# Creating a Module for Sentiment Analysis with NLTK

Now, you just need to run this one time. You can always run it again if you wanted, but now, you are ready to create the sentiment analysis module. Here's the file that we're going to call sentiment_mod.py

In [4]:
#File: sentiment_mod.py

import nltk
import random
#from nltk.corpus import movie_reviews
from nltk.classify.scikitlearn import SklearnClassifier
import pickle
from sklearn.naive_bayes import MultinomialNB, BernoulliNB
from sklearn.linear_model import LogisticRegression, SGDClassifier
from sklearn.svm import SVC, LinearSVC, NuSVC
from nltk.classify import ClassifierI
from statistics import mode
from nltk.tokenize import word_tokenize



class VoteClassifier(ClassifierI):
    def __init__(self, *classifiers):
        self._classifiers = classifiers

    def classify(self, features):
        votes = []
        for c in self._classifiers:
            v = c.classify(features)
            votes.append(v)
        return mode(votes)

    def confidence(self, features):
        votes = []
        for c in self._classifiers:
            v = c.classify(features)
            votes.append(v)

        choice_votes = votes.count(mode(votes))
        conf = choice_votes / len(votes)
        return conf


documents_f = open("documents.pickle", "rb")
documents = pickle.load(documents_f)
documents_f.close()




word_features5k_f = open("wordfeatures.pickle", "rb")
word_features = pickle.load(word_features5k_f)
word_features5k_f.close()


def find_features(document):
    words = word_tokenize(document)
    features = {}
    for w in word_features:
        features[w] = (w in words)

    return features



featuresets_f = open("featuresets.pickle", "rb")
featuresets = pickle.load(featuresets_f)
featuresets_f.close()

random.shuffle(featuresets)
print(len(featuresets))

testing_set = featuresets[10000:]
training_set = featuresets[:10000]



open_file = open("naive.pickle", "rb")
classifier = pickle.load(open_file)
open_file.close()


open_file = open("mnb.pickle", "rb")
MNB_classifier = pickle.load(open_file)
open_file.close()



open_file = open("bnb.pickle", "rb")
BernoulliNB_classifier = pickle.load(open_file)
open_file.close()


open_file = open("logreg.pickle", "rb")
LogisticRegression_classifier = pickle.load(open_file)
open_file.close()


open_file = open("linsvc.pickle", "rb")
LinearSVC_classifier = pickle.load(open_file)
open_file.close()


open_file = open("SGDV.pickle", "rb")
SGDC_classifier = pickle.load(open_file)
open_file.close()




voted_classifier = VoteClassifier(
                                  classifier,
                                  LinearSVC_classifier,
                                  MNB_classifier,
                                  BernoulliNB_classifier,
                                  LogisticRegression_classifier)




def sentiment(text):
    feats = find_features(text)
    return voted_classifier.classify(feats),voted_classifier.confidence(feats)

10664


So here, there's really nothing new, besides the final function, which is quite simple. This function is the crux of what we will be interacting with from here on out. This function, which we're calling "sentiment," takes one parameter, which is text. From there, we break down the features with the find_features function we created long ago. From there, now all we need to do is use our voted_classifier to return not only the classification, but also the confidence in that classification.

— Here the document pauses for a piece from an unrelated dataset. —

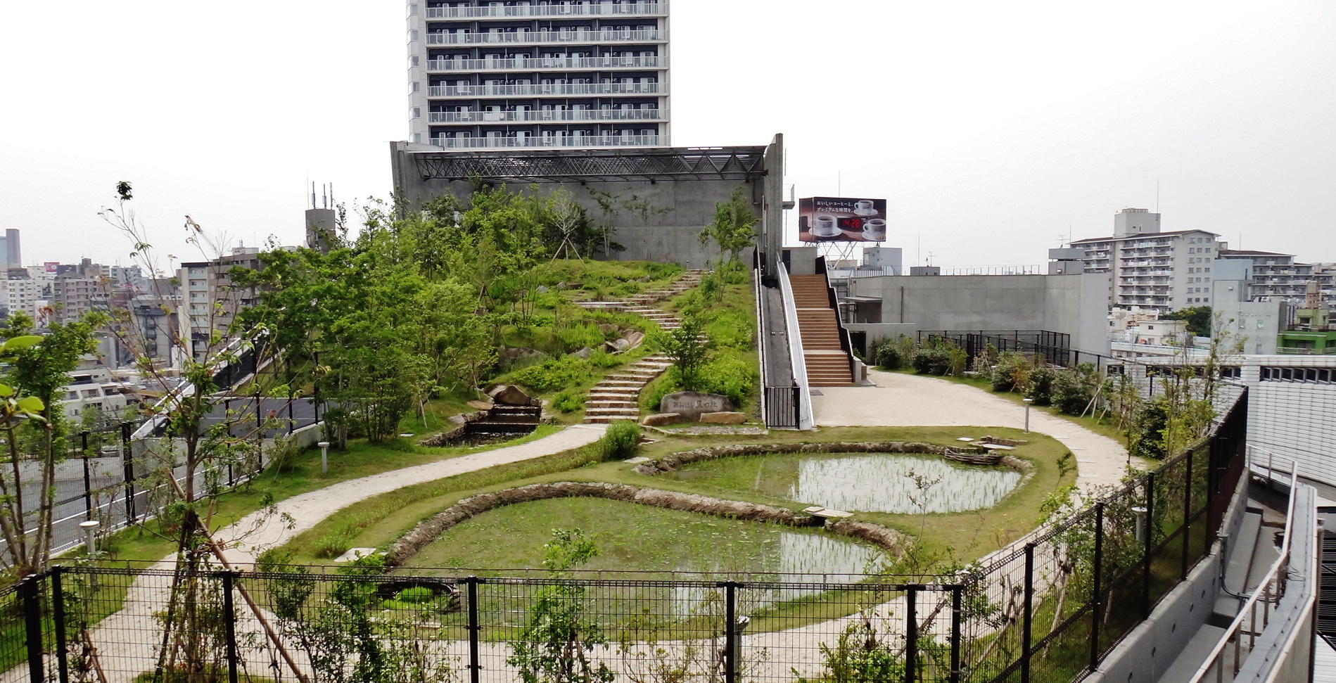 The drainage pool on top of a structure that houses a highway interchange. In the middle of the structure is a soccer field, and on top is a park. This is known as “O-Path Meguro Ohashi”「O-Path目黒大橋」, aka Ohashi Green Junction 大橋グリーンジャンクション. See: Planting rice on the highway: Ohashi Green Junction 大橋グリーンジャンクション

With that, we can now use this file, and the sentiment function as a module. Here's an example script that might utilize the module:

In [6]:
import sentiment_mod as s

print(s.sentiment("This movie was awesome! The acting was great, plot was wonderful, and there were pythons...so yea!"))
print(s.sentiment("This movie was utter junk. There were absolutely 0 pythons. I don't see what the point was at all. Horrible movie, 0/10"))

10664
('neg', 0.6)
('neg', 1.0)


As expected, the movie with pythons obviously did very well with reviewers, and the movie without any pythons was junk. Both of these were with 100% confidence as well.

It took me about 5 seconds to import the module, since we pickled the classifiers, as compared to the 30ish minutes it took without pickling. Yay for pickling. Your time will vary greatly depending on your processor. If you continue down this path, I will just throw out there that **you may also want to look into joblib**.

Now that we have this awesome module, and it works easily, what can we do? I propose we take to Twitter to perform live sentiment analysis!

In [7]:
print(s.sentiment("I am absolutely delighted. The lovely acting combined with the excellent camera work make for an outstanding piece of art!"))

('pos', 1.0)


In [8]:
print(s.sentiment("Well I don't know, I guess they could not really convey their intended messages clearly. I was lost for most of the plot."))

('neg', 1.0)